ABOUT THIS EXERCISE |
Omit the images. Restate all of the records word for word.

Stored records
..........
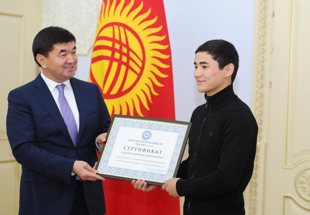 Премьер-министр Мухаммедкалый Абылгазиев спортчуларга ийгиликтерди каалап, аларга жана машыктыруучуларга акчалай сертификаттарды тапшырды.
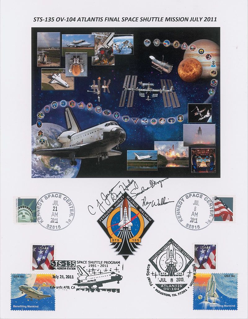 Color 8.5 x 11 cardstock photo commemorating the final shuttle mission, bearing several postage stamps, two stamped cachets, and launch and landing Kennedy Space Center cancellations, signed in black felt tip by Chris Ferguson, Doug Hurley, Sandra Magnus, and Rex Walheim. In fine condition.
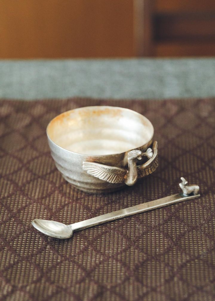 若い頃に雑誌で目にして以来、長谷川竹次郎さんの銀器に憧れていた。高価なのでなかなか買えずにいたが、娘さんの知人が営むギャラリーで個展があり、匙と花喰鳥(はなくいどり)にひかれた盃を自分へのご褒美として買い求めた。
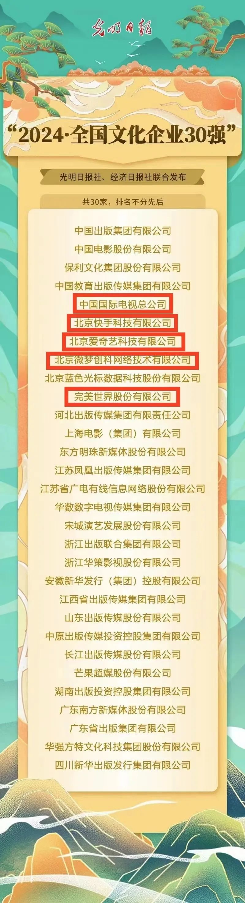 “2024·全国文化企业30强”名单
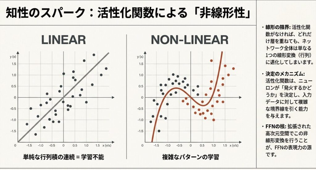 FFNに活性化関数が必要なのは、線形変換のみだと合成しても線形のままで表現力が不足するため。非線形性を導入することで複雑な関数を学習し、特徴抽出や出力の選択性・勾配の性質(滑らかさや安定性)を改善します。
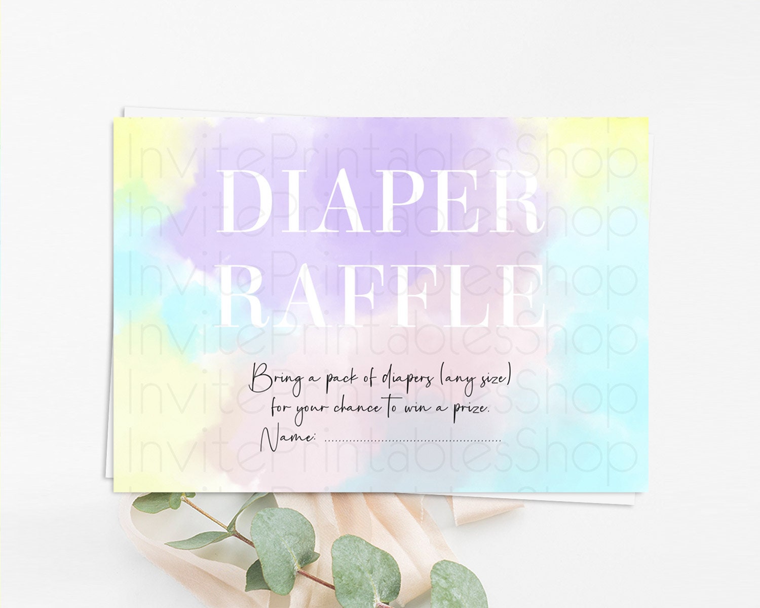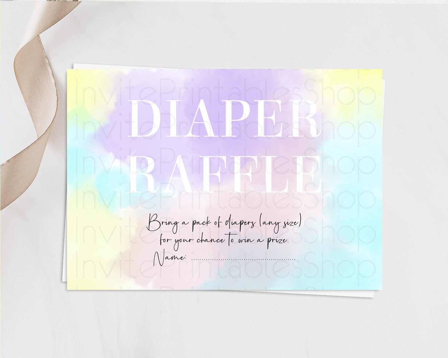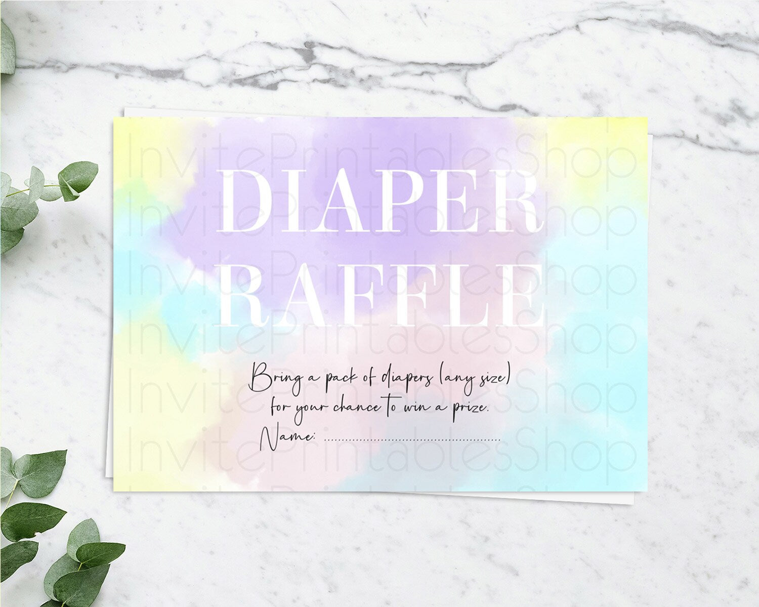 Pastel Diaper Raffle Card Pastel Rainbow Diaper Raffle Insert Colorful Ombre Watercolor Diaper Ticket Confetti Glitter Raffle Game D10617
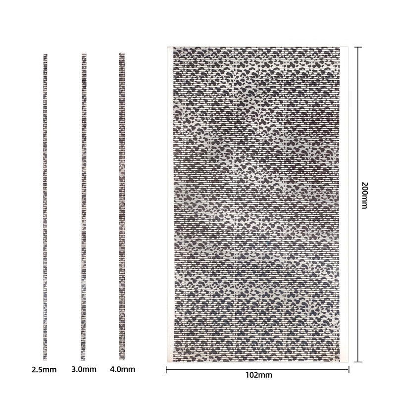 • Convenient quantity: 40 strips (2.5mm) / 32 strips (3.0mm) / 24 strips (4.0mm) per sheet
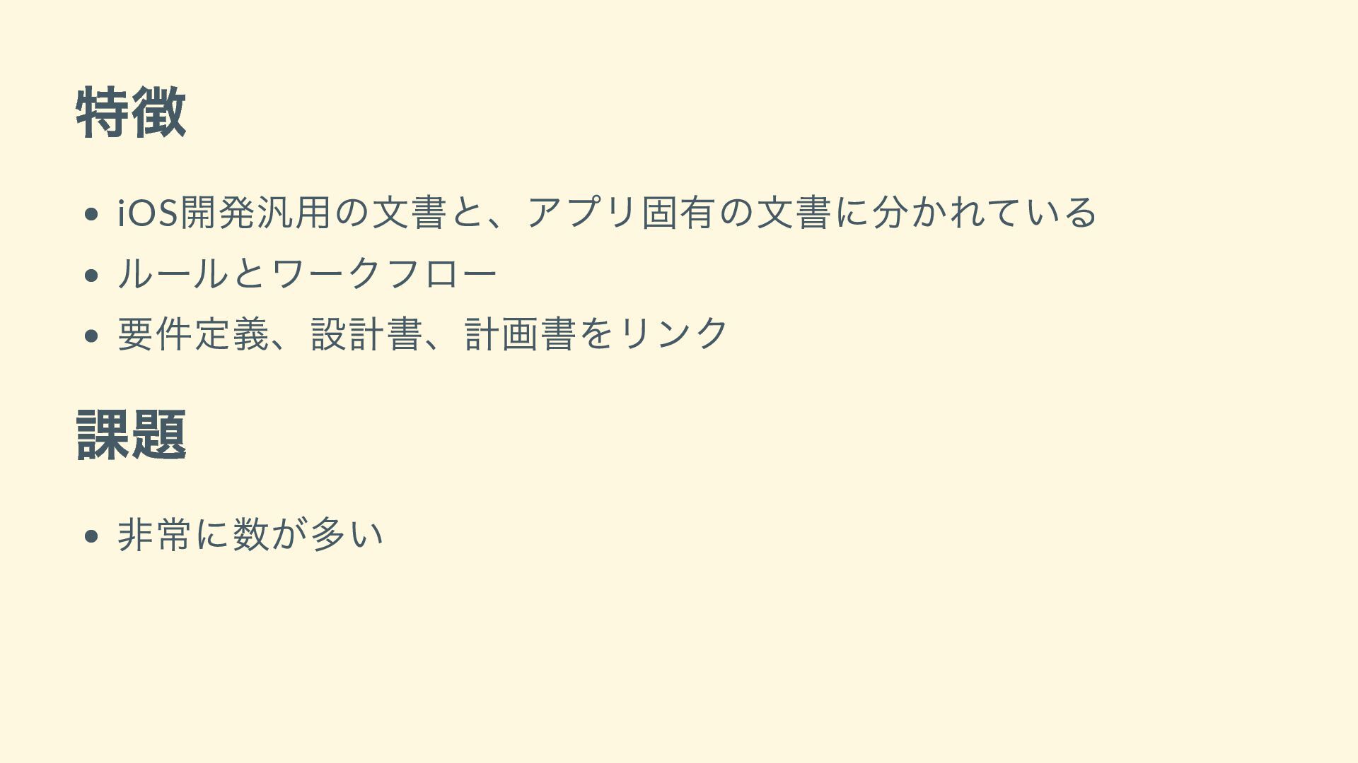 特徴 iOS 開発汎用の文書と、アプリ固有の文書に分かれている ルールとワークフロー 要件定義、設計書、計画書をリンク 課題 非常に数が多い
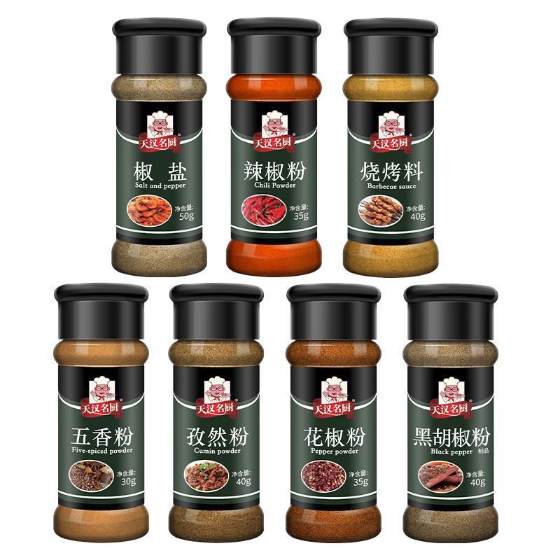バーベキュー調味料セット 家庭用クミン、塩、コショウ、パプリカ、調味料、ディップの組み合わせの7本フルセット
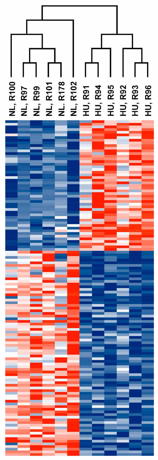 Heatmap showing normalized counts of differentially expressed genes from older male 14D NL and HU groups. Each cell corresponds to a gene. Red: Upregulated in 14D HU relative to NL group. Blue: Downregulated in 14D HU relative to NL group. Magnitude of upregulation or downregulation is proportional to the intensity of red or blue. Deepest red: most upregulated; deepest blue: most downregulated.
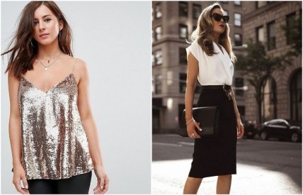 Блуза с пайетками и контрастные цвета в одежде увеличивают грудь.
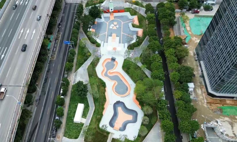 这是一个占地约5500平方米的现代化公共空间,巧妙融合运动设施与生态景观,以滑板公园为核心,打造出集运动挑战、休闲社交与自然观赏于一体的城市活力新焦点。
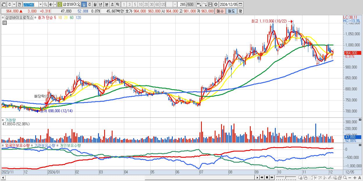 - 삼성바이오로직스 (964,000원 ▲ 0.31% , 시총: 686,117억, 외국인 순매수 거래금:54억)
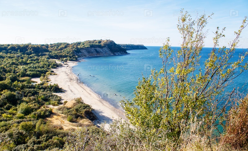 Мирный морской пейзаж с крутыми берегами
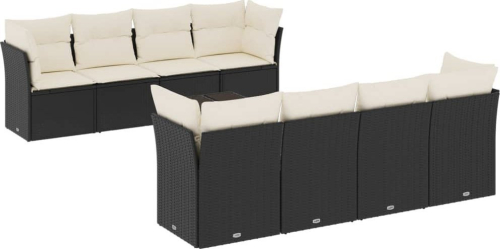 vidaXL 9-częściowy zestaw wypoczynkowy do ogrodu, z poduszkami, czarny
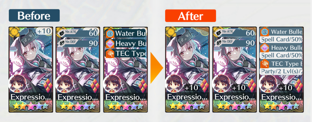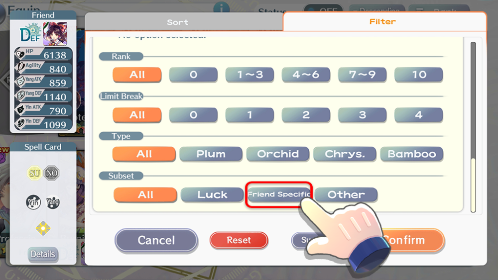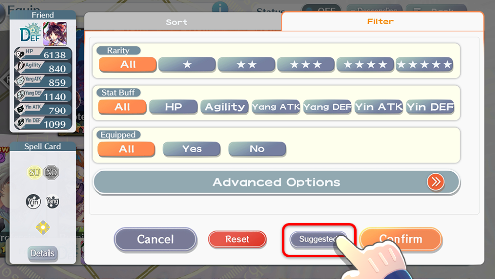 When you filter for a Story Card from a Friend’s Equip screen, you can now press the Suggested button to filter for Story Cards automatically. It will filter based on the Yin/Yang, Bullet type, and Element of the Spell Card’s first Bullet Line.
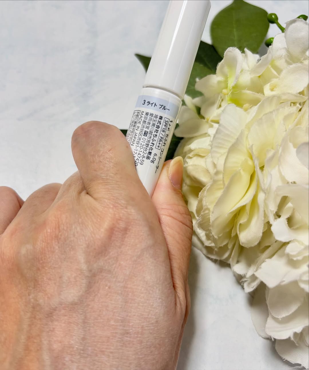 . ちふれさまの新色コンシーラーをお試ししました✨ ナチュラルな透明感をかなえてくれる 寒色系の3 ライト ブルー🩵 リキッドタイプなので使いやすいです。 私はリキッドファンデーションの前に使用しました。 乾燥肌なのですが、保湿成分が配合されているからか乾燥は気になりませんでした😊 パールが配合なので厚塗り感もなく自然にお肌に馴染んでくれて透明感を出してくれるのが嬉しい✨ すっかりお気に入りになりました🥰 おすすめです❣️ #PR #ちふれ化粧品 #ちふれ #CHIFURE #コンシーラー #寒色系 #新色 #monipla #japanorganic_fan
..........
RESULT OF THIS TASK |
 Премьер-министр Мухаммедкалый Абылгазиев спортчуларга ийгиликтерди каалап, аларга жана машыктыруучуларга акчалай сертификаттарды тапшырды.
 Color 8.5 x 11 cardstock photo commemorating the final shuttle mission, bearing several postage stamps, two stamped cachets, and launch and landing Kennedy Space Center cancellations, signed in black felt tip by Chris Ferguson, Doug Hurley, Sandra Magnus, and Rex Walheim. In fine condition.
 若い頃に雑誌で目にして以来、長谷川竹次郎さんの銀器に憧れていた。高価なのでなかなか買えずにいたが、娘さんの知人が営むギャラリーで個展があり、匙と花喰鳥(はなくいどり)にひかれた盃を自分へのご褒美として買い求めた。
 “2024·全国文化企业30强”名单
 FFNに活性化関数が必要なのは、線形変換のみだと合成しても線形のままで表現力が不足するため。非線形性を導入することで複雑な関数を学習し、特徴抽出や出力の選択性・勾配の性質(滑らかさや安定性)を改善します。
 Pastel Diaper Raffle Card Pastel Rainbow Diaper Raffle Insert Colorful Ombre Watercolor Diaper Ticket Confetti Glitter Raffle Game D10617
 • Convenient quantity: 40 strips (2.5mm) / 32 strips (3.0mm) / 24 strips (4.0mm) per sheet
 特徴 iOS 開発汎用の文書と、アプリ固有の文書に分かれている ルールとワークフロー 要件定義、設計書、計画書をリンク 課題 非常に数が多い
バーベキュー調味料セット 家庭用クミン、塩、コショウ、パプリカ、調味料、ディップの組み合わせの7本フルセット
 Heatmap showing normalized counts of differentially expressed genes from older male 14D NL and HU groups. Each cell corresponds to a gene. Red: Upregulated in 14D HU relative to NL group. Blue: Downregulated in 14D HU relative to NL group. Magnitude of upregulation or downregulation is proportional to the intensity of red or blue. Deepest red: most upregulated; deepest blue: most downregulated.
 Блуза с пайетками и контрастные цвета в одежде увеличивают грудь.
 这是一个占地约5500平方米的现代化公共空间,巧妙融合运动设施与生态景观,以滑板公园为核心,打造出集运动挑战、休闲社交与自然观赏于一体的城市活力新焦点。
 - 삼성바이오로직스 (964,000원 ▲ 0.31% , 시총: 686,117억, 외국인 순매수 거래금:54억)
 Мирный морской пейзаж с крутыми берегами
 vidaXL 9-częściowy zestaw wypoczynkowy do ogrodu, z poduszkami, czarny
 When you filter for a Story Card from a Friend’s Equip screen, you can now press the Suggested button to filter for Story Cards automatically. It will filter based on the Yin/Yang, Bullet type, and Element of the Spell Card’s first Bullet Line.
 . ちふれさまの新色コンシーラーをお試ししました✨ ナチュラルな透明感をかなえてくれる 寒色系の3 ライト ブルー🩵 リキッドタイプなので使いやすいです。 私はリキッドファンデーションの前に使用しました。 乾燥肌なのですが、保湿成分が配合されているからか乾燥は気になりませんでした😊 パールが配合なので厚塗り感もなく自然にお肌に馴染んでくれて透明感を出してくれるのが嬉しい✨ すっかりお気に入りになりました🥰 おすすめです❣️ #PR #ちふれ化粧品 #ちふれ #CHIFURE #コンシーラー #寒色系 #新色 #monipla #japanorganic_fan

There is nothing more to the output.